What you have to do =
Quote these lines exactly: the one that holds "The bright glowing" and every line after it to the end of the material below. Skip pictures.

The data =
⟨
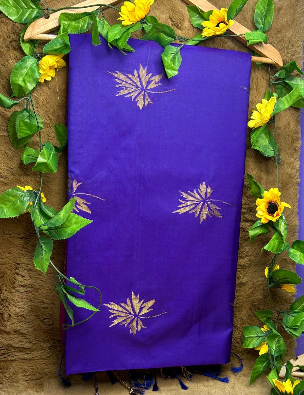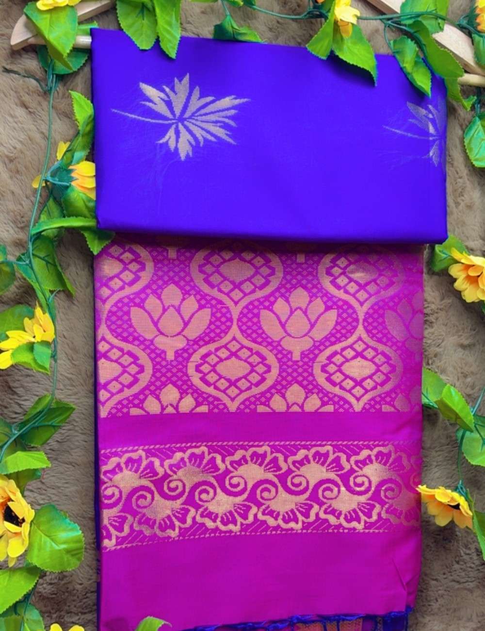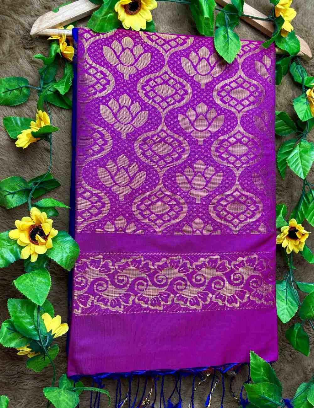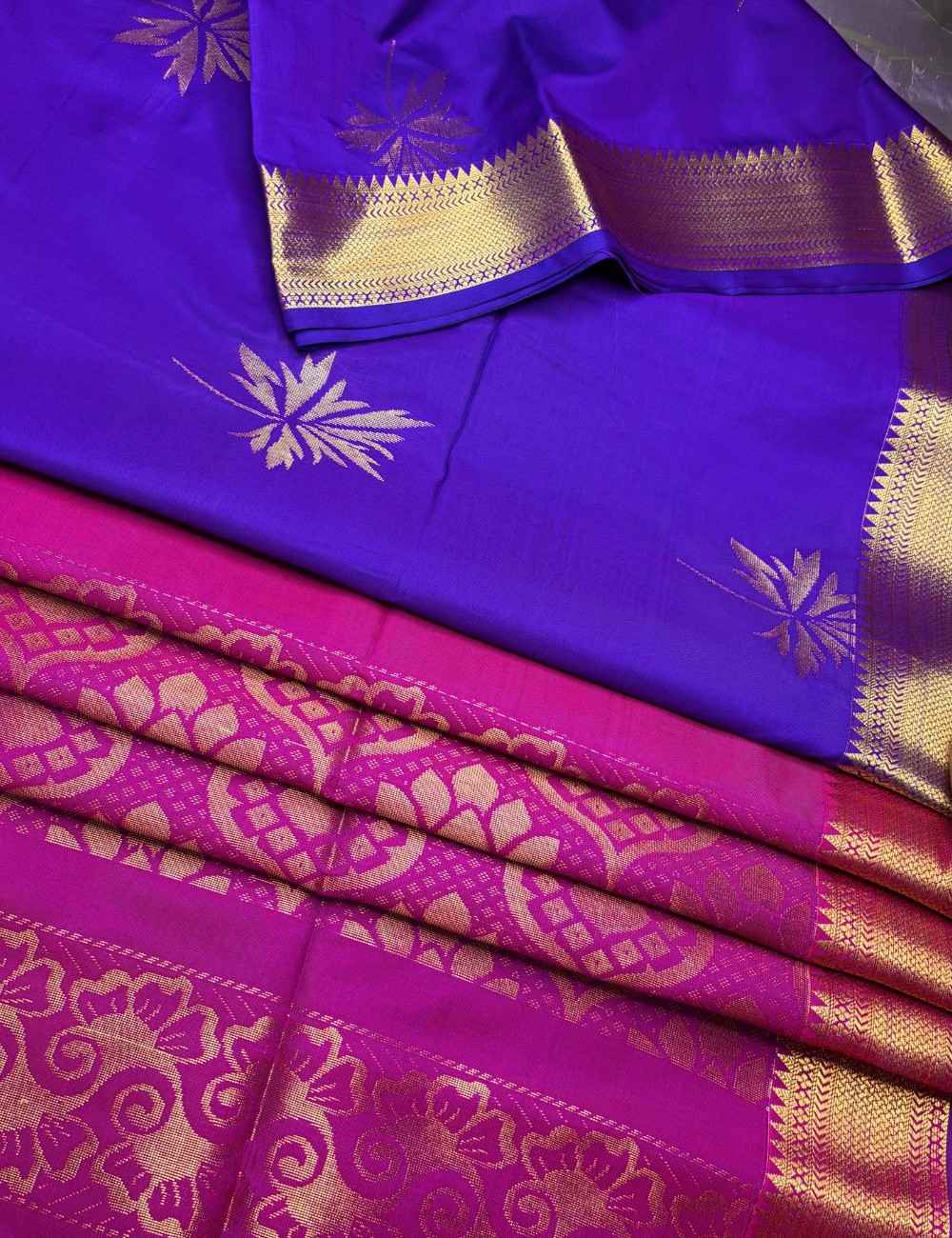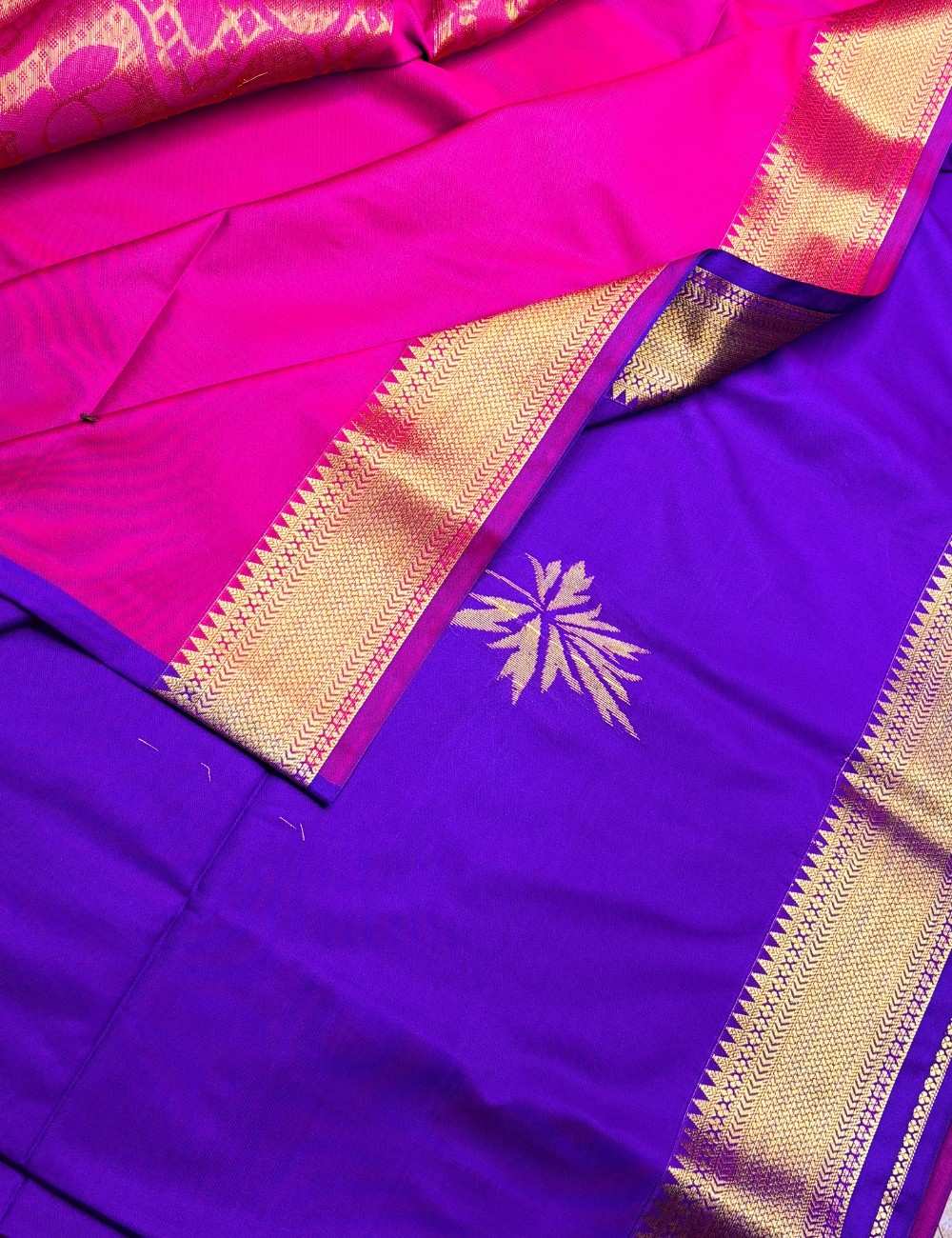 This saree celebrates jewel-toned richness and traditional artistry. The violet body glows with golden floral detailing, exuding depth and sophistication. The pink pallu and blouse introduce a lively counterpoint, showcasing elaborate geometric and ornamental zari patterns.
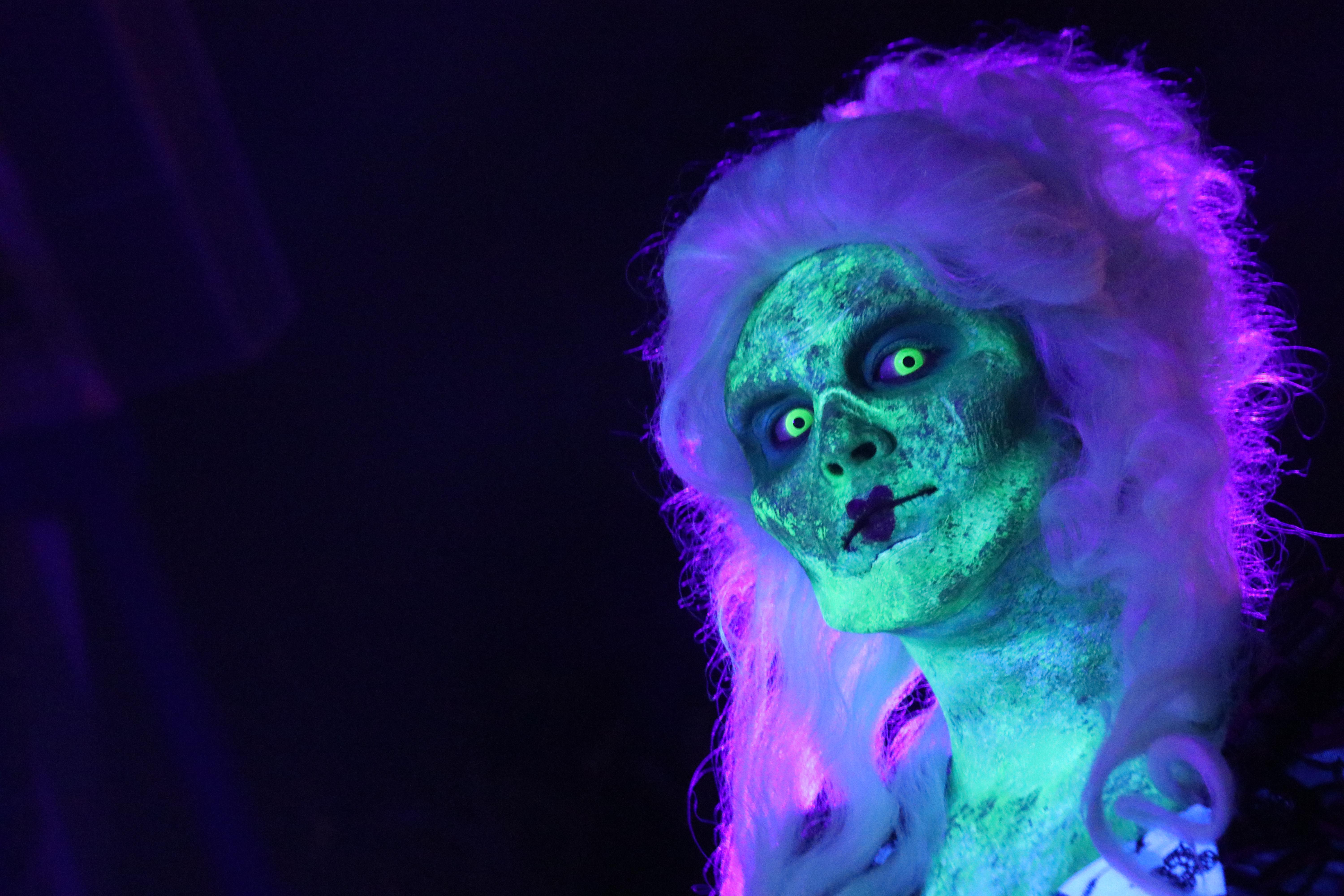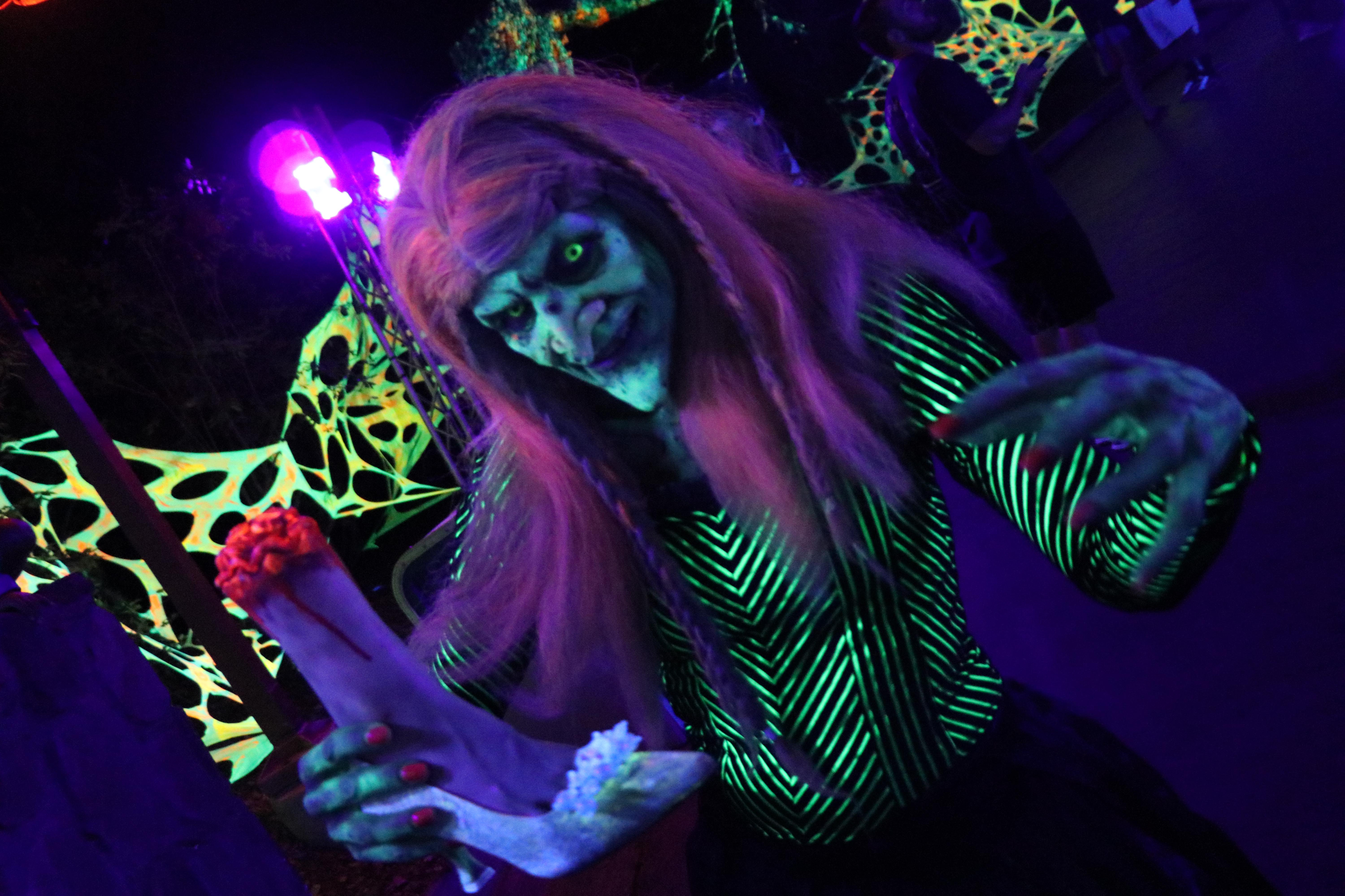 The bright glowing greens, yellows, oranges and whites are eye popping and a great addition to an over all dark area. What I love most is that a lot of the characters have contacts that allow their eyes to glow in the black light as well. There is something so unnerving and unnatural about coming face to face with monsters with glowing eyes. It really adds another level to this area.
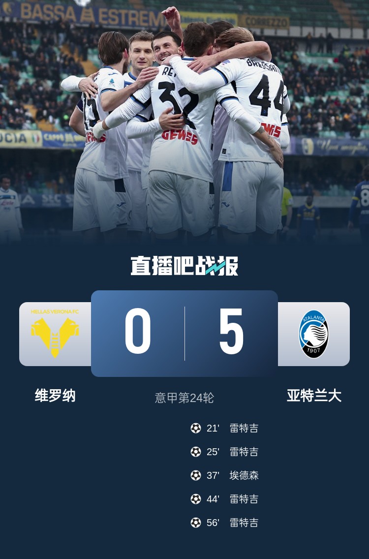 亞特蘭大本輪5-0橫掃維羅納,雷特吉大四喜成為本場(chǎng)絕對明星。
⟩
Expected answer =
 The bright glowing greens, yellows, oranges and whites are eye popping and a great addition to an over all dark area. What I love most is that a lot of the characters have contacts that allow their eyes to glow in the black light as well. There is something so unnerving and unnatural about coming face to face with monsters with glowing eyes. It really adds another level to this area.
 亞特蘭大本輪5-0橫掃維羅納,雷特吉大四喜成為本場(chǎng)絕對明星。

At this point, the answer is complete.